(Source data):

= Beginning of Section =

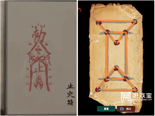 获取止火符:点开镜花水月这本书,翻到止火符这一页。将黄纸放上,选上毛笔开始玩游戏,可以获得止火符。
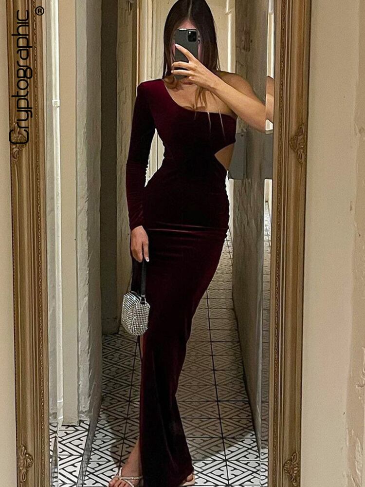 送料無料 暗号ベルベットのセクシーなカットアウトワンショルダーマキシドレス女性衣装長袖ガウンドレスパーティークラブ服 ロング AE123565588734906051297
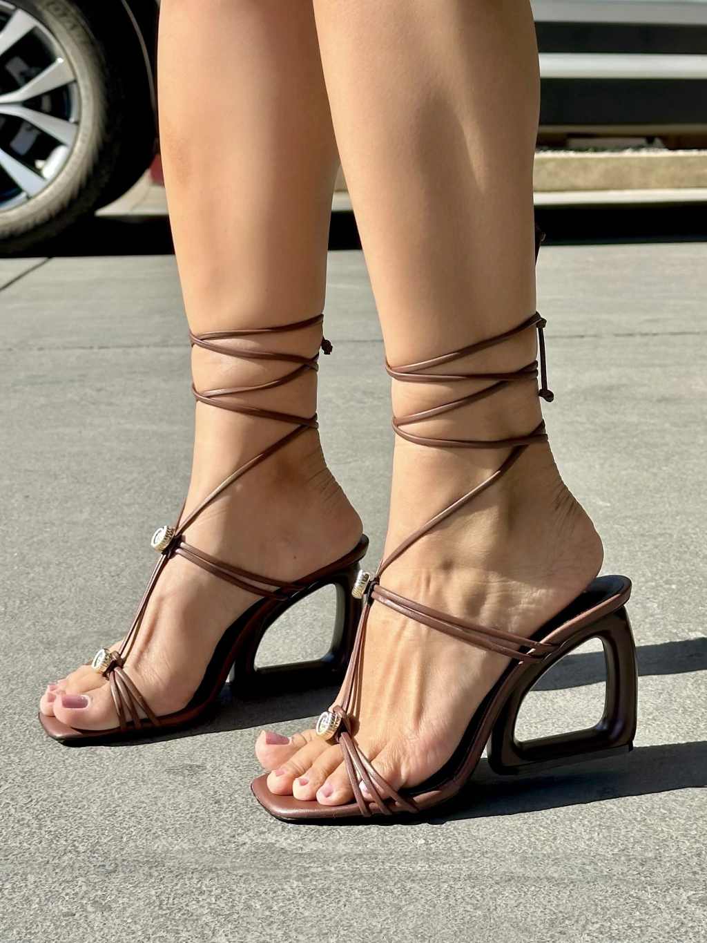 Sandália Salto Geométrico e Amarração: quem disse que conforto e estilo não podem andar de mãos dadas? Com um salto geométrico que parece obra de arte moderna, essa sandália é a escolha perfeita para quem quer arrasar e ainda dar um nó no tédio com a amarração super charmosa. Ideal para transformar qualquer look básico em um espetáculo fashion.
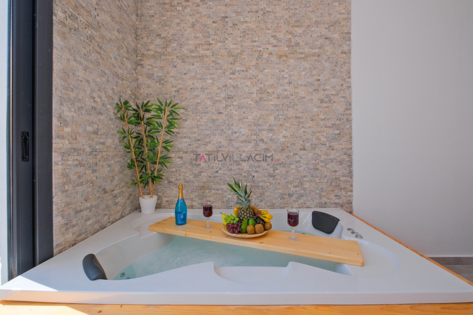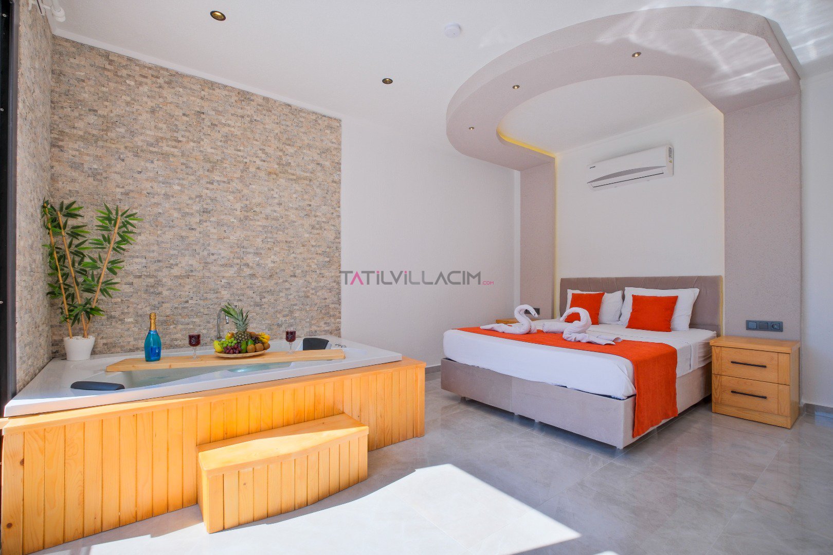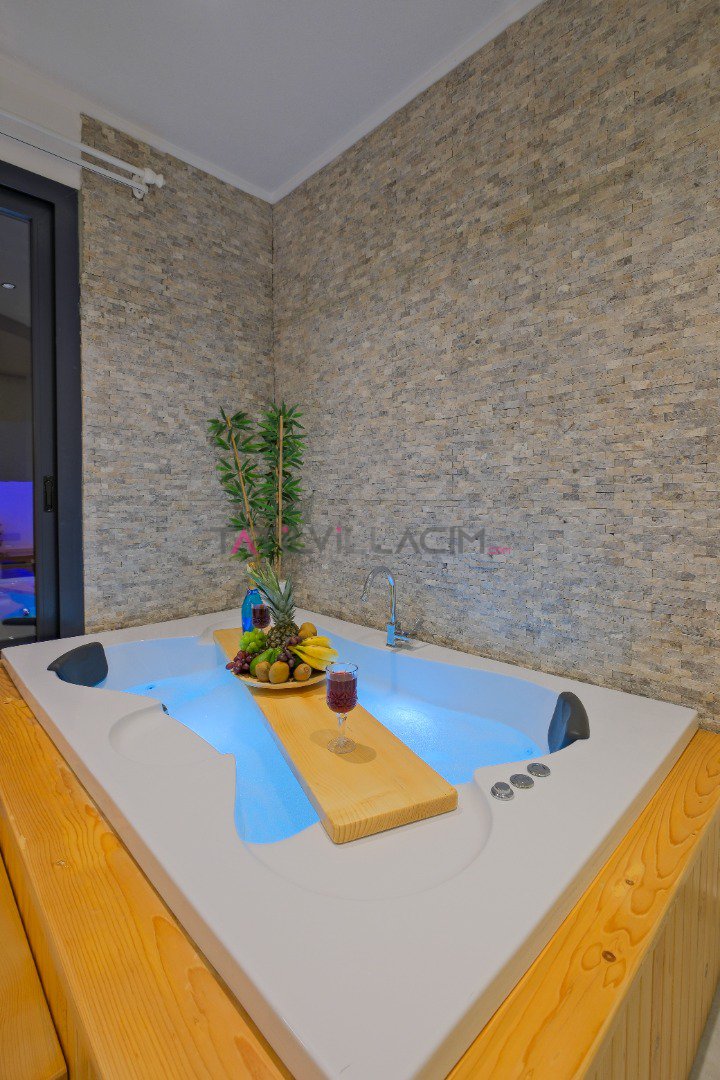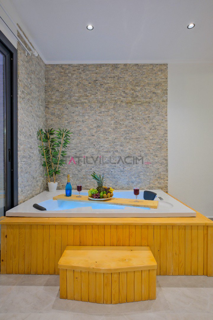 Villada yer alan jakuzili oda, tatilinize ekstra rahatlık ve lüks katarken, doğayla iç içe keyif dolu bir konaklama fırsatı sağlar.
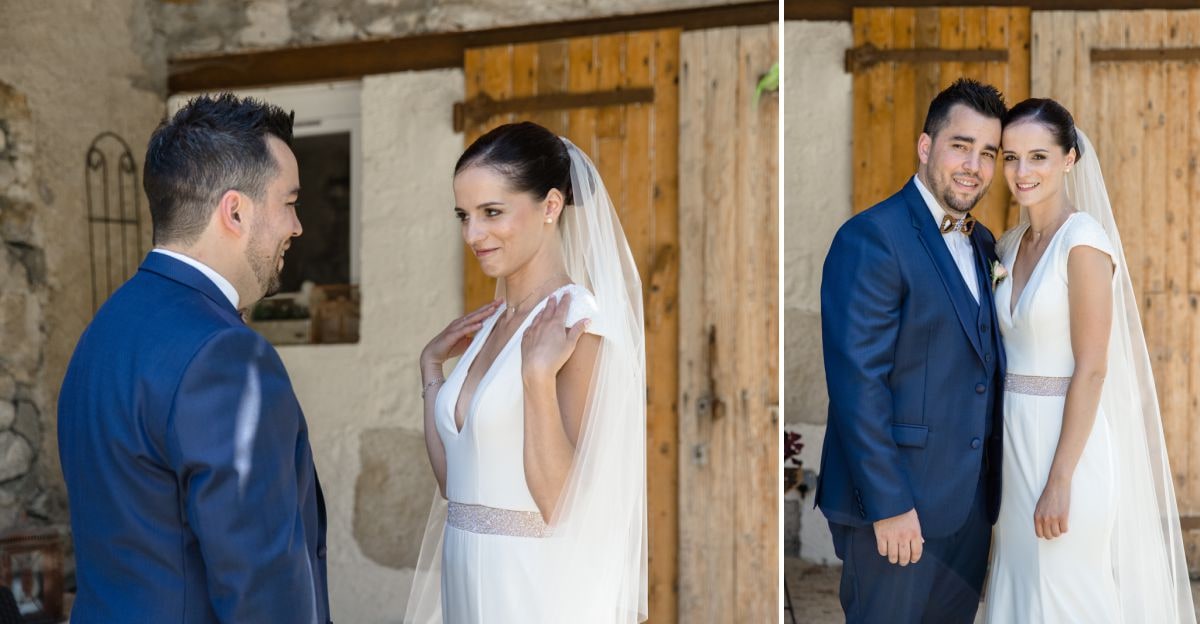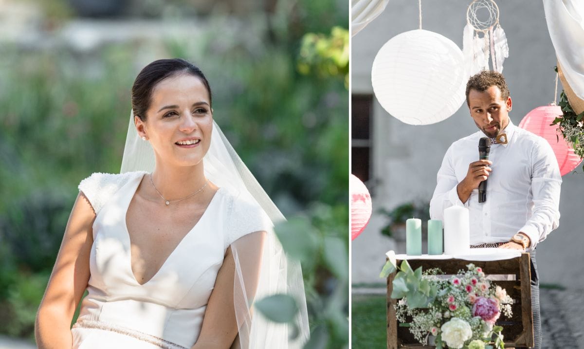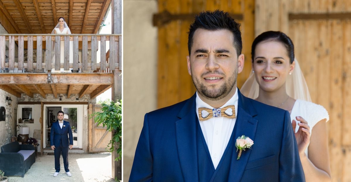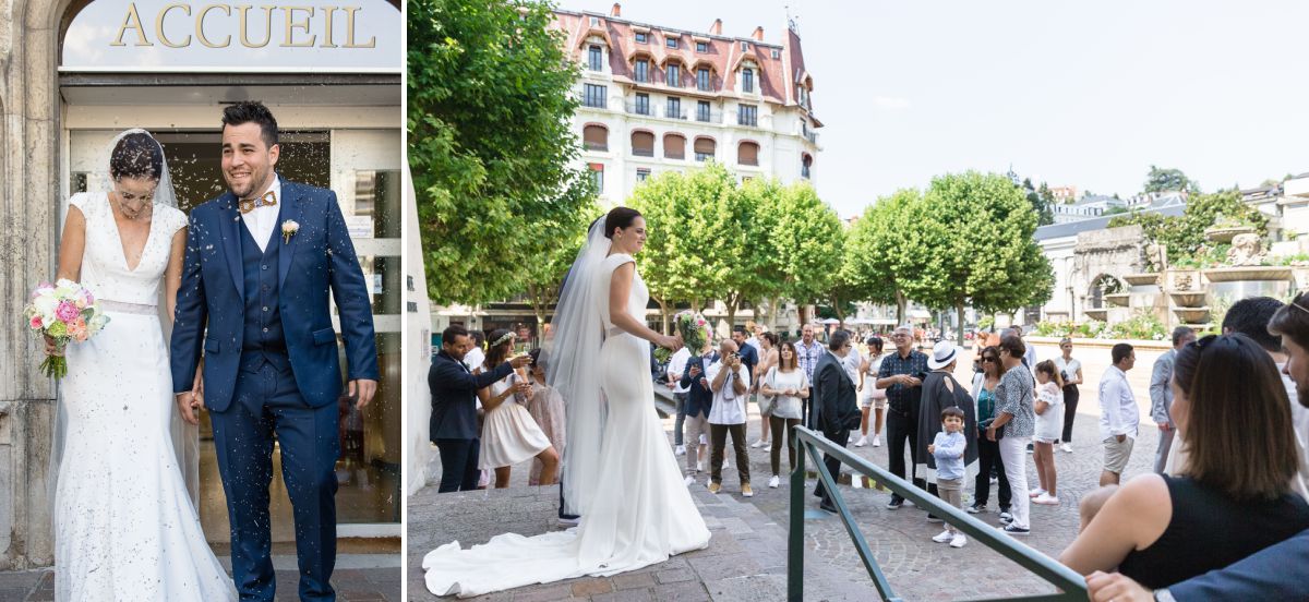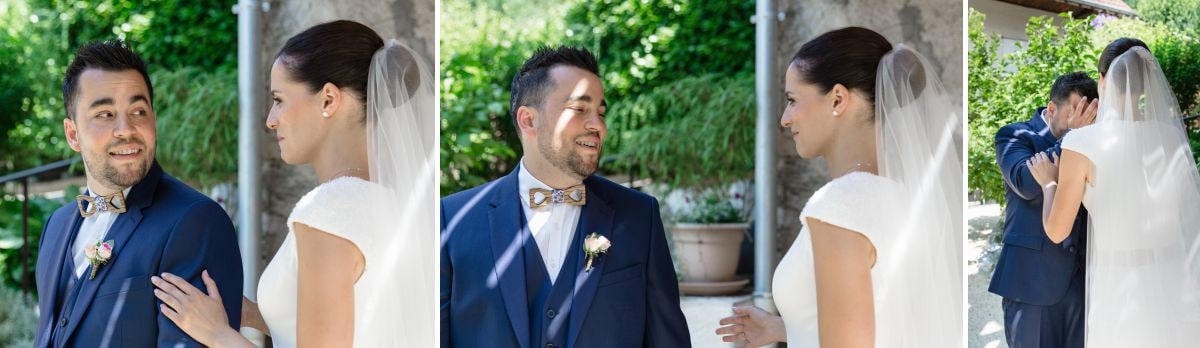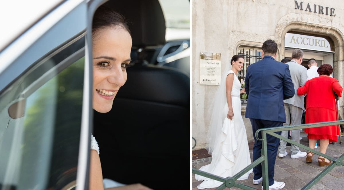 Le jour J, c’est dans un joli gîte que la mariée s’est habillée entourée de ses proches. Puis, le marié nous a rejoint pour une émouvante découverte et nous sommes partis sur Aix les Bains. Après la célébration par le maire du mariage civil dans une ambiance chaleureuse, tout le monde a repris sa voiture direction Marigny.

= End of Section =

Omit the pictures; set down each record exactly.

(Completed exercise):
 获取止火符:点开镜花水月这本书,翻到止火符这一页。将黄纸放上,选上毛笔开始玩游戏,可以获得止火符。
 送料無料 暗号ベルベットのセクシーなカットアウトワンショルダーマキシドレス女性衣装長袖ガウンドレスパーティークラブ服 ロング AE123565588734906051297
 Sandália Salto Geométrico e Amarração: quem disse que conforto e estilo não podem andar de mãos dadas? Com um salto geométrico que parece obra de arte moderna, essa sandália é a escolha perfeita para quem quer arrasar e ainda dar um nó no tédio com a amarração super charmosa. Ideal para transformar qualquer look básico em um espetáculo fashion.
 Villada yer alan jakuzili oda, tatilinize ekstra rahatlık ve lüks katarken, doğayla iç içe keyif dolu bir konaklama fırsatı sağlar.
 Le jour J, c’est dans un joli gîte que la mariée s’est habillée entourée de ses proches. Puis, le marié nous a rejoint pour une émouvante découverte et nous sommes partis sur Aix les Bains. Après la célébration par le maire du mariage civil dans une ambiance chaleureuse, tout le monde a repris sa voiture direction Marigny.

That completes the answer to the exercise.